Lisboa e Coimbra _ também para estes dois métodos existem formatos diferentes. O que básicamente as diferencia é a sua voluta _ na Guitarra de Lisboa esta termina em forma de caracol, na de Coimbra termina em forma de lágrima. No formato da caixa, a diferença reside no tamanho; a de Lisboa é mais pequena que a de Coimbra. Também no encordoamento a diferença é notória, senão vejamos: Tradicional de Lisboa 10, 8 e 6 (si) (lá) (mi) Coimbra 8, 6 e 4 _ (visto que o instrumento afina um tom abaixo da de Lisboa).

4.

A Guitarra começou por ser construída em Inglaterra, por mr Simpson, mas também Luís Cardoso Soares Sevilhano era um excelente construtor, rivalizando com o primeiro.\ Será importante também mencionar, que uma Guitarra demora em média a construir 2 a 5 anos, já que todo o trabalho requerido é manual; importante é também o facto de só existirem 3 construtores em todo o país. Este instrumento pode custar entre 300 e 500 Mil Escudos. O preço elevado deve-se ao facto de, como já disse, ser um trabalho absolutamente manual e também pelo tempo que demora a arranjar madeiras de qualidade para este efeito, uma vez que a madeira para construir uma Guitarra tem de ser completamente seca à sombra, o que pode levar anos. A madeira usada para executar este tipo de trabalho é o chamado Pau Santo Brasileiro ou a Nogueira Inglesa. Cada uma destas madeiras produzem no fim de devidamente construídas, sons absolutamente distintos, cabendo ao instrumentista, uma vez mais a escolha do material que mais se assemelha ao seu sentir.

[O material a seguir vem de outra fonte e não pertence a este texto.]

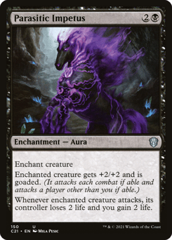 Enchant creature Enchanted creature gets +1/+1 and is goaded. (It attacks each combat if able and attacks a player other than you if able.) Whenever enchanted creature attacks, each other creature that's attacking one of your opponents gets +1/+1 until end of turn.

Como tal, o Pau Santo produz um som médio/agudo e a Nogueira Inglesa, que é de salientar que o instrumento é construído apartir da sua raiz, produz um som médio/grave, (que confere ao instrumento um som mais aberto e consequentemente mais envolvente). Neste caso, o instrumento que vos é dado a observar, é construído em raiz de Nogueira Inglesa e tem uma particularidade interessante que é o facto de o formato da sua caixa de ressonância ser de Lisboa, enquanto o braço é Coimbra; já que a escala de Coimbra tem mais um trasto que Lisboa, facilitando deste modo a sua execução. A caixa é Lisboa, porque a técnica desenvolvida é tradicionalmente Lisboa.